2017年2月2日木曜日

【回転窓】寒さが生み出す甘み

北海道名寄市でほうれん草を買ってきた。しゃぶしゃぶがおすすめと聞き、熱湯に数秒くぐらせただけで、味付けもせずに食べてみた。えぐみが無く、とても甘くて、すこぶるおいしい▼「なよろ星空雪見法蓮草」として売り出し中という。ハウス栽培だが暖房を使わない。同市ではつい先日も氷点下28度を記録した。野菜は、寒さが厳しいと糖類を蓄積して細胞を凍りにくくし、生き抜こうとする。
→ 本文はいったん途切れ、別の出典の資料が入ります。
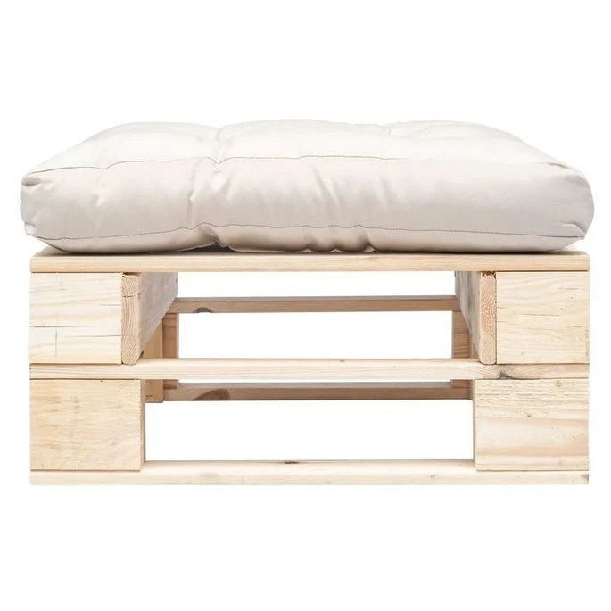 Repose-pied Palette De Jardin Avec Coussin Beige Bois De Pin

普通のほうれん草の糖度は4~5度だが、これは最高で13度にもなるそうだ▼先月には、野菜や果物の専門家集団である日本野菜ソムリエ協会の品評会で史上初の最高金賞を獲得した。まだ生産量が少なく、あまり出回っていないが、このおいしさであれば、都内の有名レストランのメニューに加わる日も遠くないだろう▼極寒のイメージが強い北海道だが、冬は生活空間を暖かくしていて意外と快適だ。同市では「なよろの冬を楽しく暮らす条例」を制定。冬を生かした豊かな食生活やウインタースポーツ活動などを呼び掛けている▼冬の厳しさを、豊かさへとしなやかに変換させていく。野菜も人も似ているのかもしれない。